I am trying to script LearnedPositionalEmbedding from Fairseq:
CODE

import torch.nn as nn
import torch
import torch.jit
from fairseq import utils

class LearnedPositionalEmbedding(nn.Embedding):
    def __init__(self, num_embeddings, embedding_dim, padding_idx, left_pad):
        super().__init__(num_embeddings, embedding_dim, padding_idx)
        self.left_pad = left_pad
        # self.register_buffer('padding_idx_', padding_idx)

    def forward(self, input_, incremental_state=None):
        """Input is expected to be of size [bsz x seqlen]."""
        if incremental_state is not None:
            positions = input_.data.new(1, 1).fill_(self.padding_idx_ + input_.size(1))
        else:
            positions = utils.make_positions(input_.data, self.padding_idx_, self.left_pad)
        return super().forward(positions)
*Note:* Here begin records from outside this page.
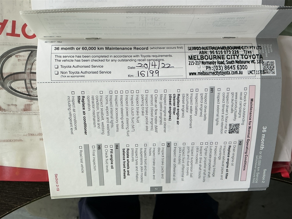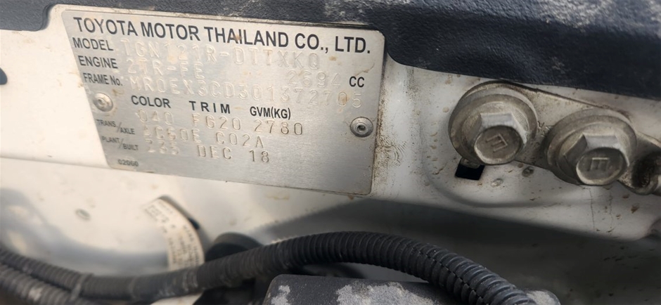 | Part of Sale | 2019 Toyota Hilux 4X2 WORKMATE Automatic Dual Cab | ||||||||||||||
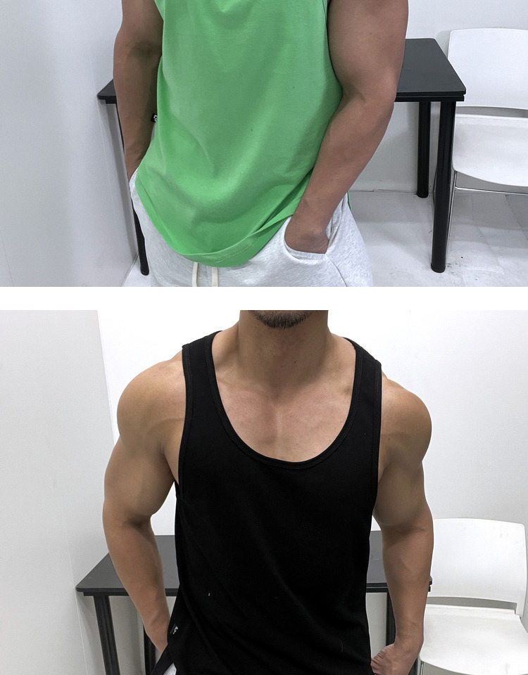 磨砂手感純棉!好面料微濶版寬松運動背心肌肉男體育生無袖T恤健身
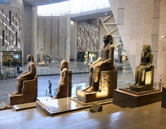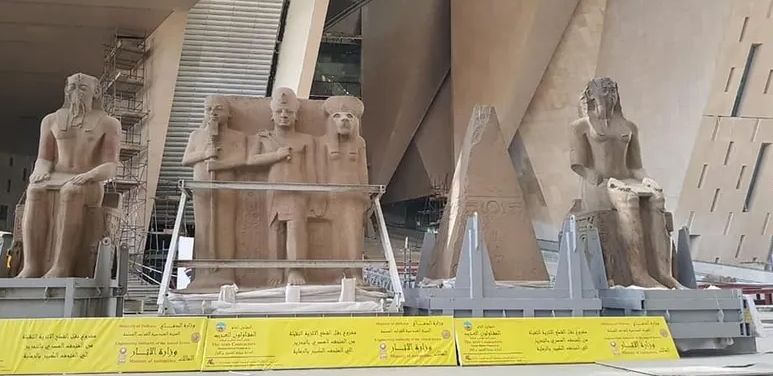 وكانت هذه القطع معروضة سابقًا في حديقة المتحف المصري بالتحرير، وقد تم نقلها إلى التحف المصري الكبير لاكتمال سيناريو العرض المتحفي للدرج العظيم، بما يبرز هيبة الملوك وعظمة الفن المصري القديم.

    def max_positions(self):
        """Maximum number of supported positions."""
        return self.num_embeddings - self.padding_idx_ - 1

padding_idx = torch.tensor([[1]], dtype=torch.long)
model = LearnedPositionalEmbedding(4,5, padding_idx, False)
model_scripted = torch.jit.script(model)

And I get following error:

TypeError: 
'Tensor' object for attribute 'padding_idx' is not a valid constant.
Valid constants are:
  1. a nn.ModuleList
  2. a value of type {bool, float, int, str, NoneType, function, device, layout, dtype}
  3. a list or tuple of (2)

Even issue #16284 is not of help.

driazati · August 23, 2019, 9:31pm

In the nn.Embedding provided by PyTorch, padding_idx is an int that doesn’t change, for that reason we have added it to __constants__ in nn.Embedding (code here). Since LearnedPositionalEmbedding does not override __constants__, it gets the one from nn.Embedding.
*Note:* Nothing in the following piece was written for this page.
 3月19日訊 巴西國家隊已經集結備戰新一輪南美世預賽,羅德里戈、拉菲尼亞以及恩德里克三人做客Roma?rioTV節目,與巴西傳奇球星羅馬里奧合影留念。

If you want padding_idx to be a Tensor (which is not a supported constant type), you’ll have to provide your own __constants__ that removes padding_idx but keeps the other stuff around, something like:

from fairseq import utils

class LearnedPositionalEmbedding(nn.Embedding):
    __constants__ = ['num_embeddings', 'embedding_dim', 'max_norm',
                     'norm_type', 'scale_grad_by_freq', 'sparse']
    def __init__(self, num_embeddings, embedding_dim, padding_idx, left_pad):
        super().__init__(num_embeddings, embedding_dim, padding_idx)
        self.left_pad = left_pad